Issue: App.Teem.com Platform Outage

Cause: When deploying code on Jan. 14, 2021, an errant pip upgrade caused servers to not receive the deploying code and services to be stopped, interrupting all aspects of Teem.

Solutions:

· Updated deploy script to pin pip version

· Cleared salt cache and confirmed correct deploy script on servers

· Changed canary process to better detect downed servers

· Ongoing: Updating underlying framework and all packages

We apologize for any inconvenience and are continually working toward providing a more reliable experience for you.

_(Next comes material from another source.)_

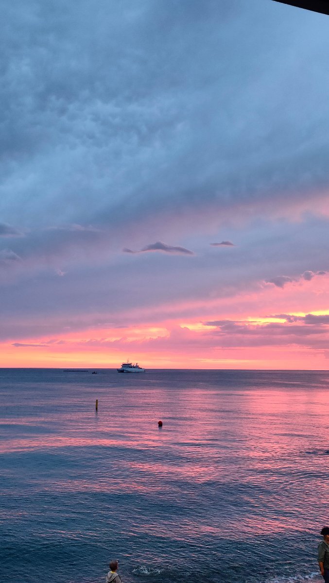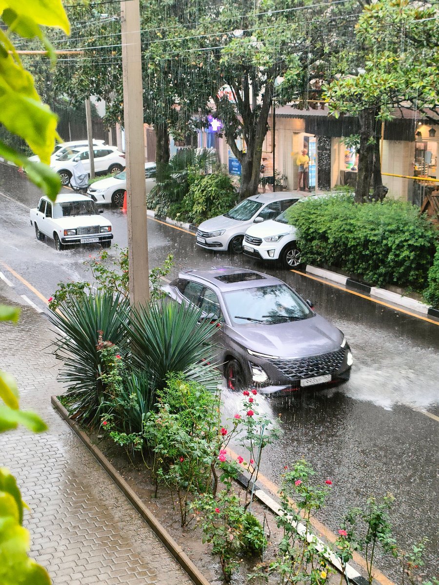 А я успела сходить на море! Сплавала до буйка, прогулялась по кромке. Дождь только начинал накрапывать, но далеко над морем сверкали молнии, гром раздавался. Отправилась домой, и уже у самой гостиницы дождь меня догнал.

For additional information or to report an issue, please reach out to your Account Manager or visit help.teem.com to contact our Customer Support team.

Thank you

Posted Jan 29, 2021 - 15:16 MST

Resolved
At this time, our Engineers were able to identify the root cause of the incident and they have implemented a fix. We have verified all systems are operational. This will be monitored, however this incident will be marked resolved at this time. A formal Root Cause Analysis will be posted in the near future.
Posted Jan 14, 2021 - 20:14 MST
Investigating
We have received reports that EventBoard and the Product Portal are not responsive. This is a Severity 1 incident. Our engineering team is aware and an update will be posted at 9 PM MST if not before.
Posted Jan 14, 2021 - 19:43 MST
This incident affected: Web Interface and EventBoard.